Religion
- Affiliation: Orthodox Judaism
- Rite: Nusach Ashkenaz
- Ecclesiastical or organizational status: Synagogue
- Leadership: Rabbi Simcha Snaid
- Status: Active

Location
- Location: 2904 Bardstown Road, Louisville, Kentucky 40205
- Country: United States
- Interactive map of Anshei Sfard
- Administration: Orthodox Union
- Coordinates: 38°13′35″N 85°38′53″W﻿ / ﻿38.22639°N 85.64806°W

Architecture
- Established: June 1893 (as a congregation)
- Completed: 1903 (South First Street); c. 1957 (near Community Center); 2019 (Dutchman's Lane); 2022 (Bardstown Road);

Website
- ansheisfard.com

= Anshei Sfard (Louisville, Kentucky) =

Orthodox synagogue in Kentucky

Anshei Sfard is an Orthodox congregation and synagogue located at 2904 Bardstown Road, in Louisville, Kentucky, in the United States. Affiliated with the Orthodox Union, the synagogue offers Shabbat and Yom Tov services. Prayer services are conducted in Nusach Ashkenaz.

==History==
The congregation was founded by a group of Russian Jewish immigrants in June 1893. In 1897 and 1898 it occupied a private home owned by Jacob Brownstein on Eighth Street, and for the next few years met in a three-story building at 716 W. Walnut Street (now called Muhammad Ali Boulevard). In 1903 it purchased the former B'rith Sholom synagogue at 511 South First Street. This building no longer exists, but it was located at a spot that would be across First Street from what is today The Brown School. The synagogue was forced to move due to the construction of the I-65 interstate highway. The synagogue purchased a 17.5 acre lot adjacent to the Jewish Community Center and held its groundbreaking ceremony in April 1957.
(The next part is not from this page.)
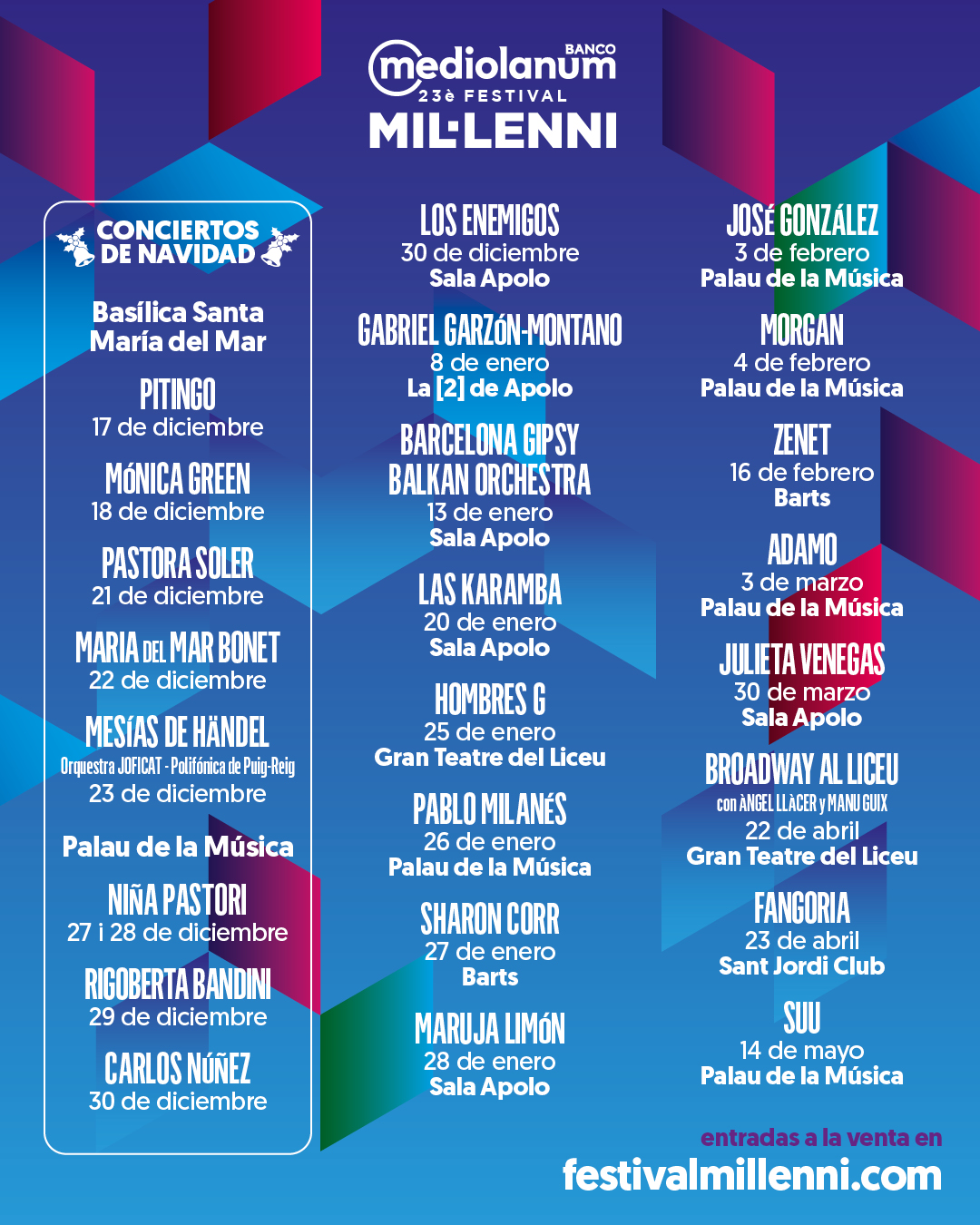 Este 2021, el festival presenta bajo el nombre de Banco Mediolanum Festival Mil·lenni más de 25 conciertos que llenarán de música las principales salas de Barcelona como el Palau de la Música Catalana, el Gran Teatre del Liceu, la Sala Apolo o el Sant Jordi Club.

In 1971 Anshei Sfard absorbed another Orthodox congregation, Agudath Achim, bringing its membership up to 300 families. When another Orthodox congregation, Keneseth Israel, became Conservative in 1994, Anshei Sfard remained as the only Orthodox congregation in Louisville.
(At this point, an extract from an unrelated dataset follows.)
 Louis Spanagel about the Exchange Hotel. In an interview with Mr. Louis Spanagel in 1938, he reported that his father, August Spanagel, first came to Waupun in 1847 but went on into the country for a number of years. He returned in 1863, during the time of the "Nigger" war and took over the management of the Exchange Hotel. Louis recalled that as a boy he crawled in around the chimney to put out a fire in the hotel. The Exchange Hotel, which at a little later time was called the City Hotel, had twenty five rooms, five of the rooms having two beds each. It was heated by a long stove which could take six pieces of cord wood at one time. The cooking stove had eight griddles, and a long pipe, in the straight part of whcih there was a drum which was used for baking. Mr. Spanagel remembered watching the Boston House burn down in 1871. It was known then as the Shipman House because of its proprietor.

Beginning in May 2019, the synagogue rented space from Shalom Towers, situated behind the synagogue's previous location which was sold to the Jewish Community of Louisville. Congregation Anshei Sfard continues to have daily services in its new location under the leadership of Rabbi Simcha Snaid.
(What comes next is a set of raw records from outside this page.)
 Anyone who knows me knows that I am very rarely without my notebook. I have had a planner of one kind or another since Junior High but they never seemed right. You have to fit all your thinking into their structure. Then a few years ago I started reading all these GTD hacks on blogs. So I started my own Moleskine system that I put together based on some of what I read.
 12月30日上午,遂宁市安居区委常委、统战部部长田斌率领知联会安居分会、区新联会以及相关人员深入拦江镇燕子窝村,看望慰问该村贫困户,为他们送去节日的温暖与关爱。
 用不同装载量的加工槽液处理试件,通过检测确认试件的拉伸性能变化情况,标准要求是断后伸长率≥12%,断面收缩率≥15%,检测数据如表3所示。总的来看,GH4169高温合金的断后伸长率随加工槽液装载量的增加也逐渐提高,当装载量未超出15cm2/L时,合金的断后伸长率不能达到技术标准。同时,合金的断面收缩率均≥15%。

In 2022, the synagogue announced that it was moving to a new leased location at 2904 Bardstown Road.

==Rabbinic leadership==
In 1903 the Orthodox synagogues in Louisville, under the umbrella of a Vaad HaEr (community council), hired a chief rabbi to act as spiritual leader for all of the city's synagogues, in addition to supervising kashrut, a mikveh, and a Talmud Torah. In the 1910s Anshei Sfard hired its own rabbi, Rabbi Z. Klavansky.

From 1930 to 1945 the congregation was led by Rabbi Charles Chavel, who went on to produce acclaimed critical editions of classical Jewish commentators on the Bible and Talmud. He was succeeded by Rabbi Solomon Roodman, who served from 1946 to 1989. Rabbi Avrohom Litvin took the helm in 1989. Rabbi Litvin resigned in 2013.

The next designated spiritual leader, was Rabbi Dr. Joshua Golding, a professor of philosophy at Bellarmine University, specializing in philosophy of religion and Jewish philosophy.

Rabbi Simcha Snaid has served as the senior rabbi since 2016.